→ Exercise aim: Before repeating the entries below, strip out every picture and keep all else as it is.

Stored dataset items
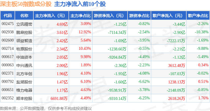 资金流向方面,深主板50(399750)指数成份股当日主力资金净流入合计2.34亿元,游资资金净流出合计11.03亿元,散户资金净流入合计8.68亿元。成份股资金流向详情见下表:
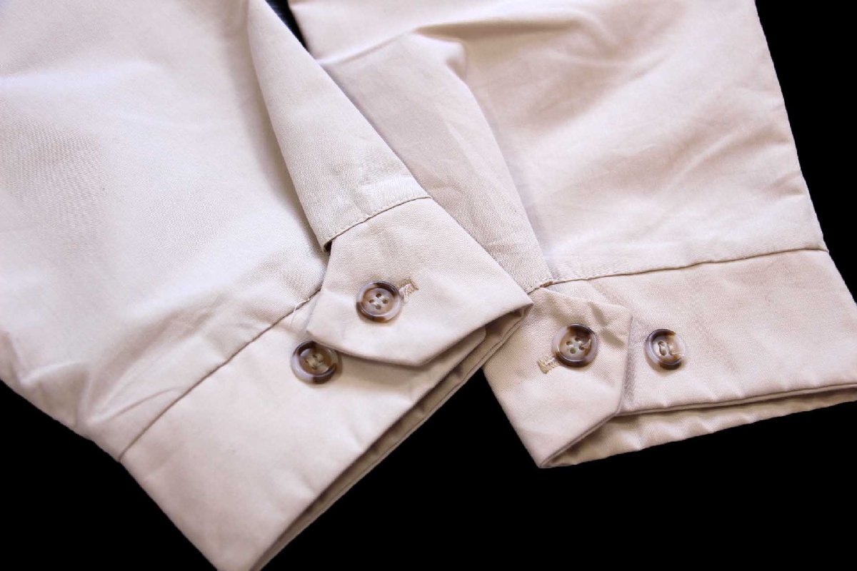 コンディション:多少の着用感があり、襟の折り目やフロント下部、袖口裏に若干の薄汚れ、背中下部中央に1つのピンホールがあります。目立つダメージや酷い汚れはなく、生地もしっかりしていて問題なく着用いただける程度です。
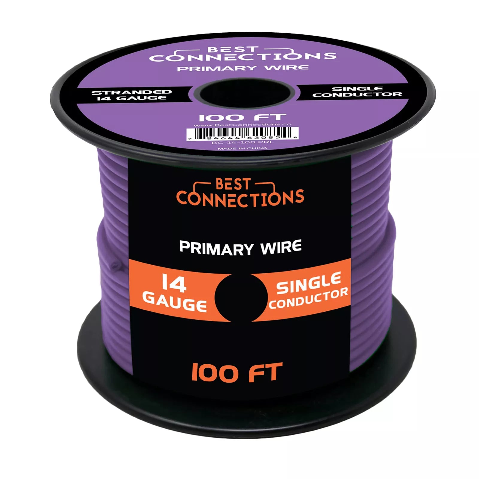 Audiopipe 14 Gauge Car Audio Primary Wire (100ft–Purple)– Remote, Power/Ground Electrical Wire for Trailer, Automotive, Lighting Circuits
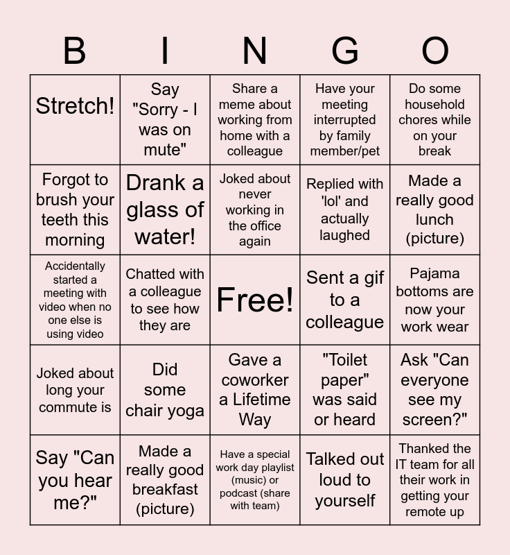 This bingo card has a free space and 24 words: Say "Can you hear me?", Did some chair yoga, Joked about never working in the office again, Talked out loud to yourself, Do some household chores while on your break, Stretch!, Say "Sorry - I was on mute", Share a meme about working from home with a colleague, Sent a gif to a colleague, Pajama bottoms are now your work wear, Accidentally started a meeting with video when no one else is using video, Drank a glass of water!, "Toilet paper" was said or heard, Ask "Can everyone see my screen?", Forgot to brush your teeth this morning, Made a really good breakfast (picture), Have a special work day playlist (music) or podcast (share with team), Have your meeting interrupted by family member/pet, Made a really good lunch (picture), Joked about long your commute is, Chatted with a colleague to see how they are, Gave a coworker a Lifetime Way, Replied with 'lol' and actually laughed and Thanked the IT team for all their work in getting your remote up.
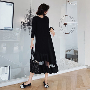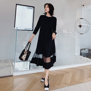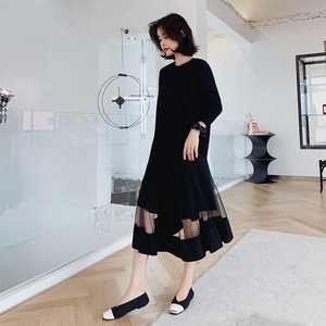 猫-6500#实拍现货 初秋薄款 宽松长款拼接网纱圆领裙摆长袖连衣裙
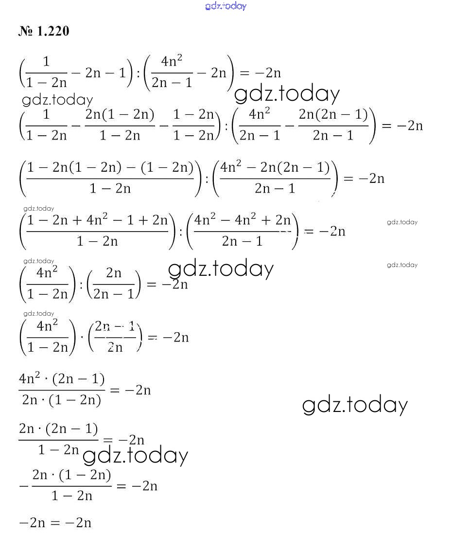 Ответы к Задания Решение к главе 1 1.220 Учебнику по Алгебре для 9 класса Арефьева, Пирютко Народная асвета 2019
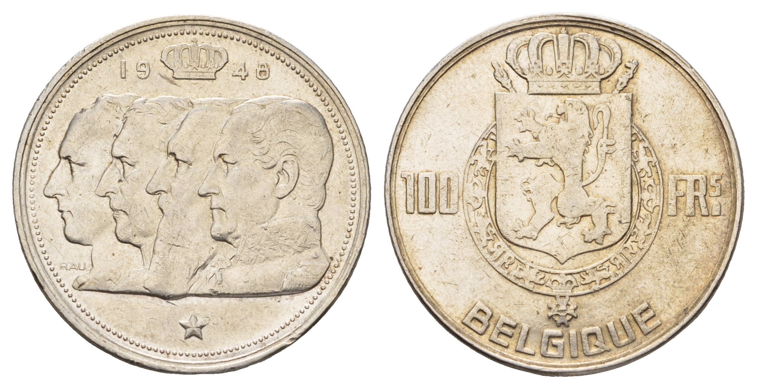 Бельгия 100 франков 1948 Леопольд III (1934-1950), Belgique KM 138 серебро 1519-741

→ Answer box:
 资金流向方面,深主板50(399750)指数成份股当日主力资金净流入合计2.34亿元,游资资金净流出合计11.03亿元,散户资金净流入合计8.68亿元。成份股资金流向详情见下表:
 コンディション:多少の着用感があり、襟の折り目やフロント下部、袖口裏に若干の薄汚れ、背中下部中央に1つのピンホールがあります。目立つダメージや酷い汚れはなく、生地もしっかりしていて問題なく着用いただける程度です。
 Audiopipe 14 Gauge Car Audio Primary Wire (100ft–Purple)– Remote, Power/Ground Electrical Wire for Trailer, Automotive, Lighting Circuits
 This bingo card has a free space and 24 words: Say "Can you hear me?", Did some chair yoga, Joked about never working in the office again, Talked out loud to yourself, Do some household chores while on your break, Stretch!, Say "Sorry - I was on mute", Share a meme about working from home with a colleague, Sent a gif to a colleague, Pajama bottoms are now your work wear, Accidentally started a meeting with video when no one else is using video, Drank a glass of water!, "Toilet paper" was said or heard, Ask "Can everyone see my screen?", Forgot to brush your teeth this morning, Made a really good breakfast (picture), Have a special work day playlist (music) or podcast (share with team), Have your meeting interrupted by family member/pet, Made a really good lunch (picture), Joked about long your commute is, Chatted with a colleague to see how they are, Gave a coworker a Lifetime Way, Replied with 'lol' and actually laughed and Thanked the IT team for all their work in getting your remote up.
 猫-6500#实拍现货 初秋薄款 宽松长款拼接网纱圆领裙摆长袖连衣裙
 Ответы к Задания Решение к главе 1 1.220 Учебнику по Алгебре для 9 класса Арефьева, Пирютко Народная асвета 2019
 Бельгия 100 франков 1948 Леопольд III (1934-1950), Belgique KM 138 серебро 1519-741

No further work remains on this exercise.